On 18 November 2019, the Human Rights Committee (the Committee) published its views in A.B.H v Denmark, CCPR/C/126/D/2603/2015, concerning the risk of inhuman and degrading treatment in the event of deportation to Afghanistan.

The applicant, an Afghan national, previously worked for Afghanistan intelligence forces and the National Directorate of Security where he trained with Afghan and US forces to apprehend the Taliban. Several threatening letters were sent to the applicant by the Taliban, and an attempt was made to kill him. After being kidnapped he was able to escape, but was also informed that the Afghan authorities had searched his home due to a suspicion that he was affiliated with the Taliban. He entered Denmark in December 2013 and applied for asylum. The request and subsequent appeals were rejected due to concerns about his credibility because of the lack of detail in his account of detention. The applicant complains that he would be exposed to a real risk of torture or ill treatment contrary to Article 7 ICCPR from both the Taliban and Afghan authorities if returned to his country of origin.

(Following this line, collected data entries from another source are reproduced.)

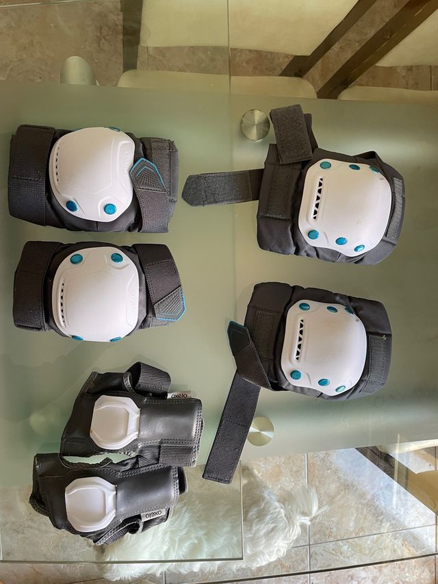 Detalles del productoSet de protecciones deportivas marca Oxelo, ideal para patinaje o ciclismo.
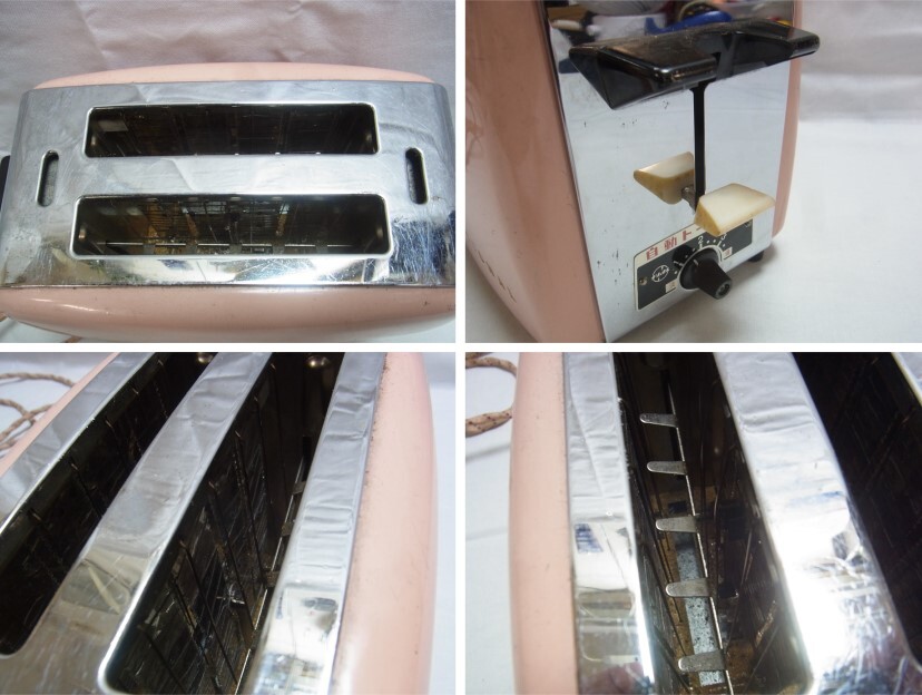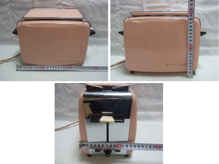 商品説明 | ナショナルのレトロなトースターです。 譲り受けたもののため、本来の状態など詳細は不明です。 長期自宅保管品です。 擦れや傷、焦げ跡など相応の経年使用感があります。 通電、および発熱、パンを焼いた動作は確認済みです。 軽く掃除をしたうえで現状でのお渡しとさせていただきますので、 以上の点を御了承の上ご検討をお願い致します。 状態に関しましては、画像にてご判断と十分なご検討をお願い致します。 長期自宅保管の古い物になりますので、ご理解いただける方のご入札いただけますと幸いです。 気になる点がございましたら、ご入札前にご質問くださいませ。 撮影した照明により、色合いが多少違って見えるかもしれませんが、ご了承ください。 サイズ 約30cm×15cm×20cm ※素人採寸につき、誤差ご了承ください 【発送方法】 ・ゆうパック/80サイズ |
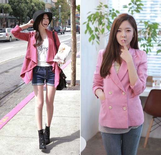 아우터를 핑크톤으로 결정했다면 심플한 화이트 티셔츠나 블라우스를 이너로 매치하고 데님숏츠나 스키니진을 하의로 착용해 귀여움을 살리면서도 젊고 트렌디한 감성을 더하는 것이 적합하다.
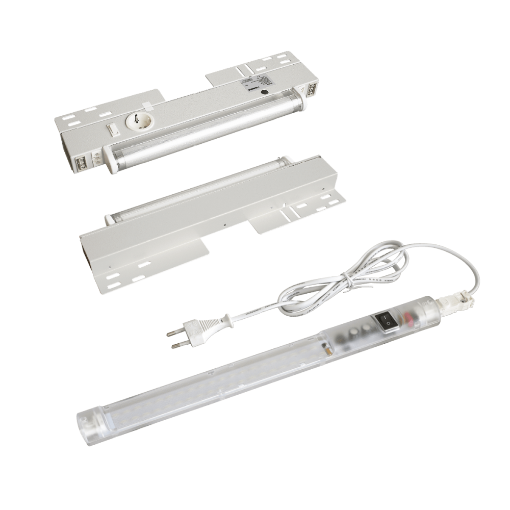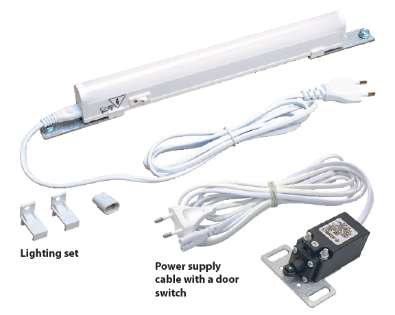 Electric light fitting fixed into the horizontal profile of the cabinet’s frame. Equipped with a Schuko power socket (max. 16 A) and 0-1-AUTO switch. Possibility of direct power supply or use of the connecting cable from an adjacent lighting fitting. Possibility of door switch control.
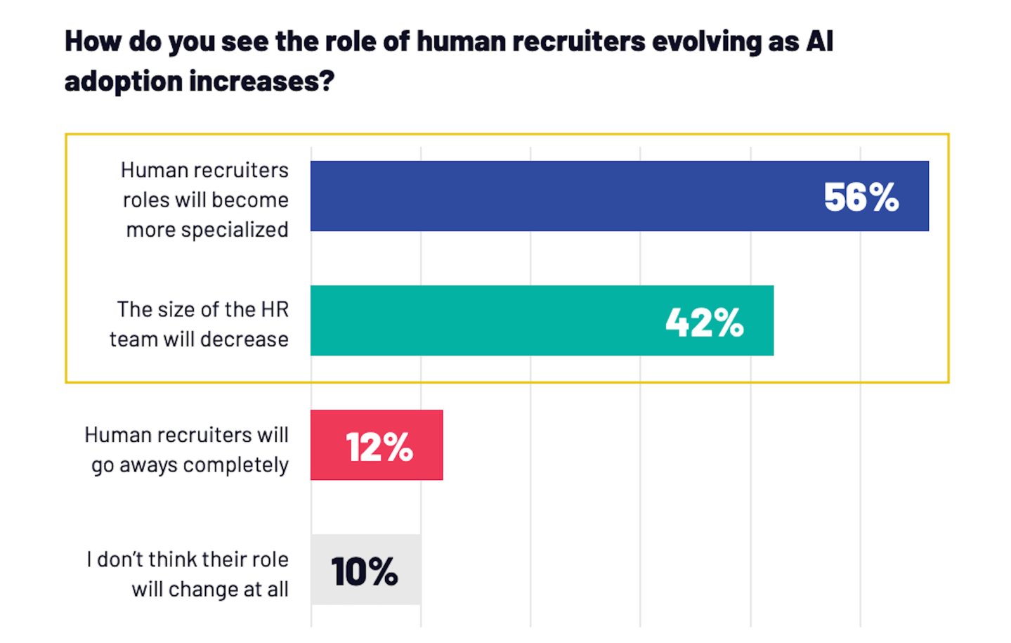 More than half (56%) of respondents expect HR teams to become more specialized, and 42% said HR teams will become smaller. Another key finding is ethical considerations like bias and privacy were important to 92% of respondents, according to the report. Some common strategies for addressing bias include fairness-aware algorithms and human oversight.

The Committee noted that the risk of treatment contrary to Article 7 must reach a high threshold and be personal. In this case, the issue before the Committee was to determine whether past affiliation with international forces would indicate a future risk of persecution. Referring to jurisprudence of the European Court of Human Rights in H. and B. v United Kingdom, it noted that the individual circumstances of the applicant, as well as his connections and profile, should be examined. Similarly, the Committee noted the ruling in J.K and others v Sweden, which found that past ill treatment provided a strong indication of a future real risk of ill treatment in cases where a generally coherent and credible account of events has been presented.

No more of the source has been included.